Thank you. I should always start with this step; for some reason, I assumed the problem was trivial and decided to avoid the diagram. I doubt I'll do this again.

Having drawn the diagram, I can see the following forces acting on the block of mass ##M## as we apply force ##F## to it in the direction shown on the image:

  • The force of friction exerted by the ground - ##39.2 N##
  • The force of friction exerted by block ##m## - ##17.64 N##
  • The force of tension in the rope
The force of tension acting on block ##M## is equal to the force of tension in the rope acting on block ##m##, which in turn is equal to the force of friction exerted by block ##M## onto block ##m##. So in total, the three forces counteracting the pulling force ##F## are ##17.64 + 17.64 + 39.2 = 74.48 N##. Applying a force greater than ##74.48 N## will move the blocks.

Is that correct?
 
  • #6
marksyncm said:
Thank you. I should always start with this step; for some reason, I assumed the problem was trivial and decided to avoid the diagram. I doubt I'll do this again.
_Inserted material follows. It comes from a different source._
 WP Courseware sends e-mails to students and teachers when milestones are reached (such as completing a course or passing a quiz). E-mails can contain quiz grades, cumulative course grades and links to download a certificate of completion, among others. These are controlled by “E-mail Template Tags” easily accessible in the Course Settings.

Having drawn the diagram, I can see the following forces acting on the block of mass ##M## as we apply force ##F## to it in the direction shown on the image:

  • The force of friction exerted by the ground - ##39.2 N##
  • The force of friction exerted by block ##m## - ##17.64 N##
  • The force of tension in the rope
The force of tension acting on block ##M## is equal to the force of tension in the rope acting on block ##m##, which in turn is equal to the force of friction exerted by block ##M## onto block ##m##. So in total, the three forces counteracting the pulling force ##F## are ##17.64 + 17.64 + 39.2 = 74.48 N##. Applying a force greater than ##74.48 N## will move the blocks.

Is that correct?
Right.
You can make the arithmetic a bit easier by keeping g out as a factor until the end.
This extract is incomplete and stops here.